第二十二話 想い

ナオとの会話から数日が経ったが、ケンジの心にはまだどこか重いものが残っていた。ナオの真剣な告白を受けて、彼は自分の気持ちを見つめ直そうと必死だったが、結論を出すことはできずにいた。


そんな中、ある日、ケンジは放課後に一人で図書室に向かった。静かな空間で少しでも気持ちを整理しようとしたのだ。しかし、そこにいたのはマナだった。彼女もまた、一冊の本を片手に持ちながら、何かを考え込んでいるようだった。

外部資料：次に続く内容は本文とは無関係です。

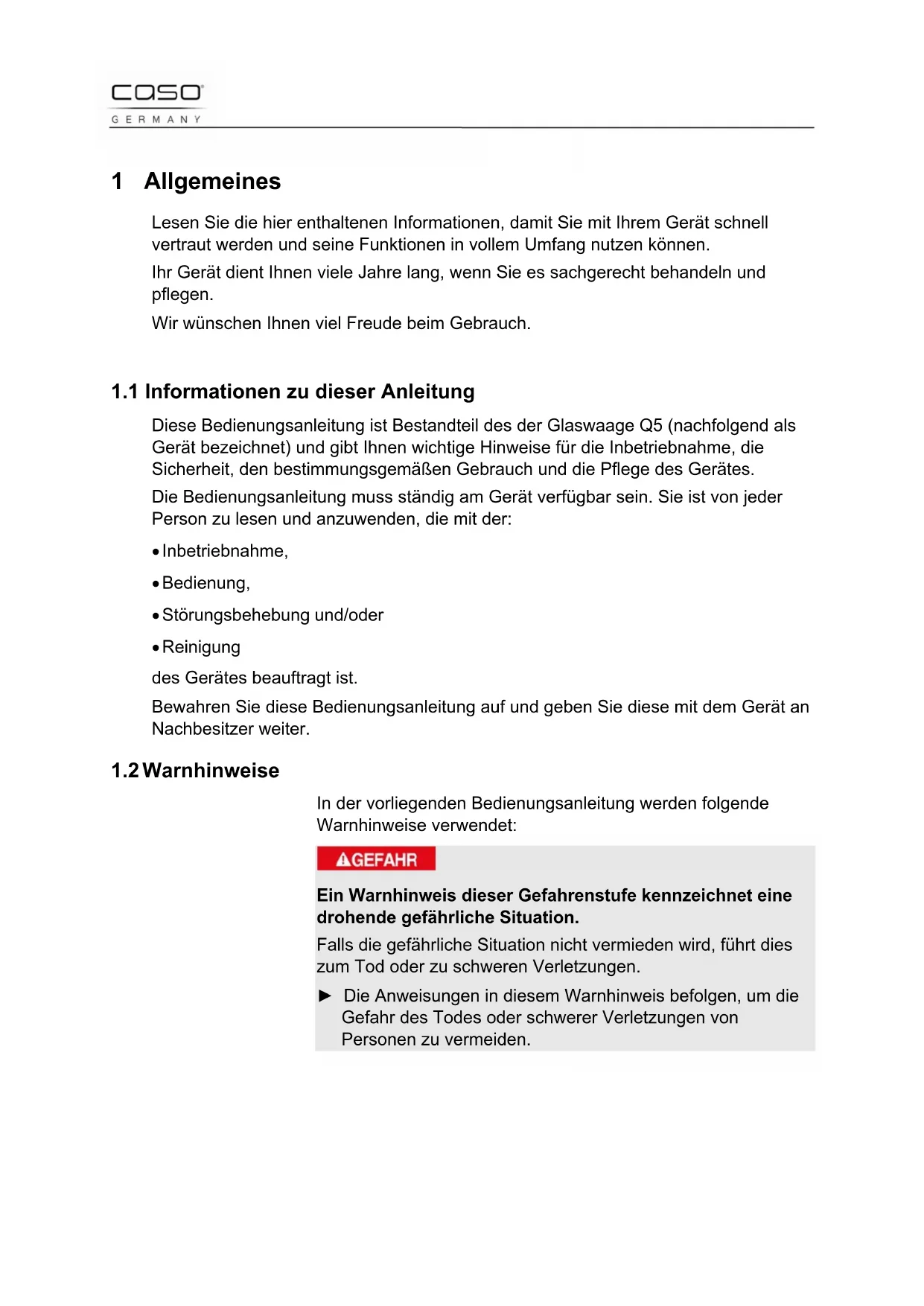 BEDIENUNGSANLEITUNG Q5 CASO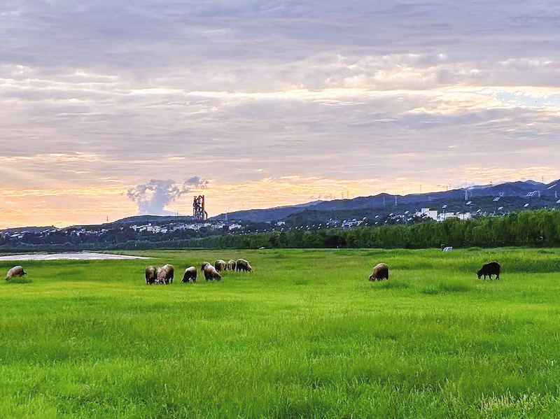 草长莺飞的季节,在丹凤县商镇商山村,橙色晚霞在天空中熠熠生辉。一片绿色的草地上一群羊儿正悠闲地享受着大自然的馈赠。在飞机场外,巍峨的秦岭山峦形成了一道天然保护屏障。秦岭生态保护,正是为了守护这样宁静而美丽的自然景致,让每一寸土地都成为人与自然和谐相处的典范。 (本报通讯员 陈 楠 摄)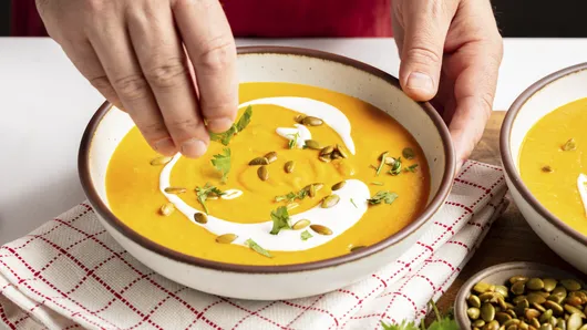 Ladle the soup into bowls and garnish with sour cream or crème fraîche, pumpkin seeds, and cilantro.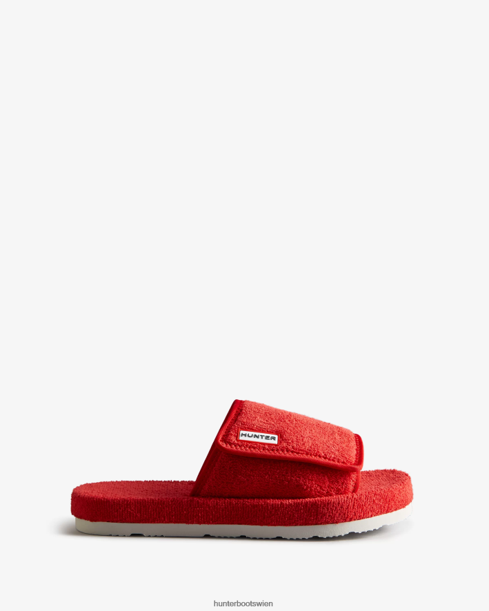 Die originale Frottee-Slipper für Damen vereint die Weichheit von Ein Strandtuch mit dem Komfort eines leichten, geformten Fußbetts. Sie bestehen aus feuchtigkeitsabsorbierendem Frottee, das Reizungen vorbeugt, und werden für eine individuelle Passform mit einem Klettverschluss befestigt, auf dem das Hunter-Box-Logo eingeprägt ist. Diese roten Plateau-Slipper sind außerdem leicht zu reinigen und trocknen schnell.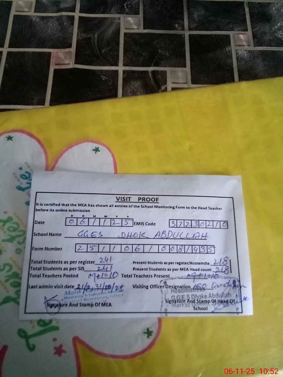 | Attendance Register | Head Teacher | MEA with School | Visit Proof |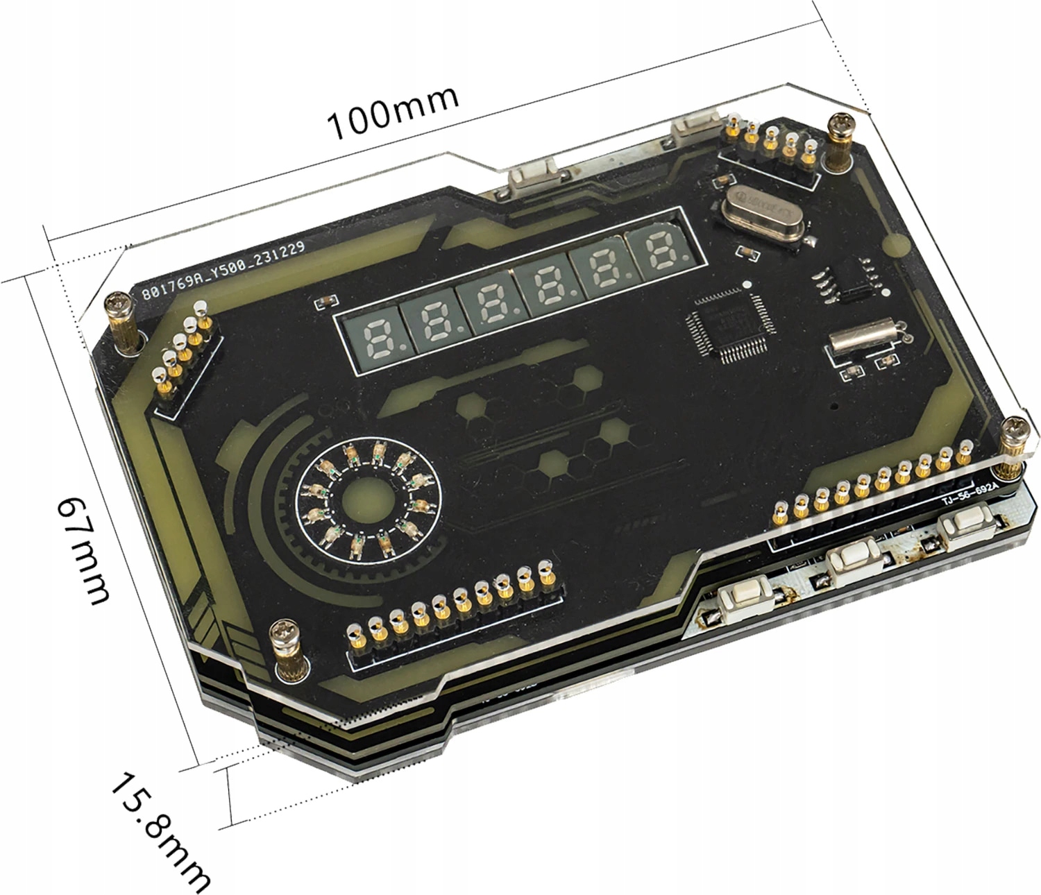 Технические характеристики: Дисплей 6 × 0,36-дюймовые цифровые трубки SMD Освещение 60 × светодиодов SMD RGB высокой яркости Мощь 5 В постоянного тока (тип C) Размеры 100 × 67 × 15,8 мм (компактный настольный размер) Особенные функции Память при сбое питания, регулируемые эффекты RGB

「マナ?ここで何してるの?」とケンジが声をかけると、マナは少し驚いた表情を見せたが、すぐに微笑んで答えた。「あ、ケンジ…ちょっと考え事してただけ」


二人はそのまま隣に座り、しばらくの間、無言で本棚を見つめていた。重く沈黙が流れる中、マナがふと口を開いた。


「ケンジ、最近少し元気がないみたいだけど、大丈夫?」とマナは優しく問いかけた。その声には、ケンジを気遣う真剣な思いが込められていた。

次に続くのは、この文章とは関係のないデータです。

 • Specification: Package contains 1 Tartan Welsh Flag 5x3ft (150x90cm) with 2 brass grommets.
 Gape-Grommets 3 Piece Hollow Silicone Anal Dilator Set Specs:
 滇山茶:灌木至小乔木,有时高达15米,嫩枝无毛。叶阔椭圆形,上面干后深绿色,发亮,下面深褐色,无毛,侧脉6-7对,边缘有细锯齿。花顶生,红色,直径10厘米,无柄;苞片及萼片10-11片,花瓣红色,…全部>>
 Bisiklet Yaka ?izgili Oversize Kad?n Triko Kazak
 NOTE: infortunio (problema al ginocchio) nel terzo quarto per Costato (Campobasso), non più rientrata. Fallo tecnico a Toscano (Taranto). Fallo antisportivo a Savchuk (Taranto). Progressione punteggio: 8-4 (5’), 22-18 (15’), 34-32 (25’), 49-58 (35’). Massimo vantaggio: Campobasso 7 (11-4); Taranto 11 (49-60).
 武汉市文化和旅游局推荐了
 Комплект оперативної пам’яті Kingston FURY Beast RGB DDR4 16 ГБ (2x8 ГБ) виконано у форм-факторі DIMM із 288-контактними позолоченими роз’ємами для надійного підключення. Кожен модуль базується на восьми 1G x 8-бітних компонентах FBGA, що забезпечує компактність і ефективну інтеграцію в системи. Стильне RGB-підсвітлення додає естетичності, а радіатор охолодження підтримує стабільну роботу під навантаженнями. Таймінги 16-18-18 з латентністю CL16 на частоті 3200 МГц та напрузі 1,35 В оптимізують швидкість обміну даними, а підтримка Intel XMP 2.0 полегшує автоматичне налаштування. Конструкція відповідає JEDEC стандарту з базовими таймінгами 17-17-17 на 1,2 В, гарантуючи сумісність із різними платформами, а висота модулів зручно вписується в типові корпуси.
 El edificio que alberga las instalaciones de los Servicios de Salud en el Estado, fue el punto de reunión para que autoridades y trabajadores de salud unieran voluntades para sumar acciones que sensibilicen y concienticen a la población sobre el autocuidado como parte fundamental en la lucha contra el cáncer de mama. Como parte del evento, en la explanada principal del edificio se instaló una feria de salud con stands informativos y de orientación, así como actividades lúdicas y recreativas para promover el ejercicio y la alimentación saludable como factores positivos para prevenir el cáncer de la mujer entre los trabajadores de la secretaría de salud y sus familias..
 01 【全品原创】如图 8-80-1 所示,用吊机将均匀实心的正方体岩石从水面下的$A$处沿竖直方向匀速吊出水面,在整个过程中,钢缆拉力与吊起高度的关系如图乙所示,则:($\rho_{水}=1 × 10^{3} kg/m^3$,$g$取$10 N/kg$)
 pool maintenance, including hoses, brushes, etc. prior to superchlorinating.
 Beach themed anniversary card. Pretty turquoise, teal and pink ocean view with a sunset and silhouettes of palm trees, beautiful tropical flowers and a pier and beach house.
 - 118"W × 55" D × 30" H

ケンジは少し躊躇しながらも、ナオの告白についてマナに打ち明けた。「実は、ナオが俺に…好きだって言ってくれたんだ。でも、俺はどう答えていいか分からなくて…」


その言葉を聞いた瞬間、マナの表情が一瞬だけ硬くなったのをケンジは見逃さなかった。しかし、すぐにマナはいつもの笑顔に戻り、静かに頷いた。「そうなんだ。ナオも勇気を出したんだね」


「俺、ナオのことを大切に思ってるけど、それが恋愛感情かどうか分からなくて…こんな自分が情けなく感じるんだ」とケンジは吐き出すように言った。


マナはじっとケンジの言葉を聞いた後、少しの沈黙を挟んでから、自分の本心を話し始めた。「ケンジ、私も君に言いたいことがあるの」


マナの表情が真剣になり、彼女の瞳がケンジの目をまっすぐに捉えた。「私も、ずっと君のことが好きだった。ナオと同じように、でも怖くて言えなかったの」


ケンジは驚きで言葉を失った。まさかマナまでもが自分に恋愛感情を抱いているなんて、全く予想していなかったのだ。彼は何とか言葉を紡ごうとするが、何も出てこなかった。


「でも、ナオが君に告白したことを知って、私も勇気を出さなきゃって思ったの」とマナは続けた。「だから、君に伝えたくて…私も、君が好きだって」


その言葉が静かな図書室に響き渡り、ケンジの心に新たな動揺をもたらした。ナオとマナ、二人の大切な友達が自分に対して恋愛感情を抱いている。ケンジはこの状況をどう受け止めるべきなのか、まったく分からなくなっていた。


「マナ…俺…」とケンジが言いかけた瞬間、マナは優しい笑顔を浮かべてケンジを制した。「大丈夫、答えは今すぐに言わなくてもいいよ。私もナオも、きっと君の答えを待つから」


「ありがとう、マナ…」とケンジは少しほっとしたように言ったが、その胸の中には複雑な思いが渦巻いていた。自分に向けられる二つの純粋な想いにどう向き合えばいいのか、まだ分からないままだった。


二人はそのまましばらく図書室で話し続け、やがて放課後のチャイムが鳴り響くと共に、それぞれの道へと戻っていった。ケンジはマナの言葉に感謝しつつも、自分がこれから何をすべきかを考え続けていた。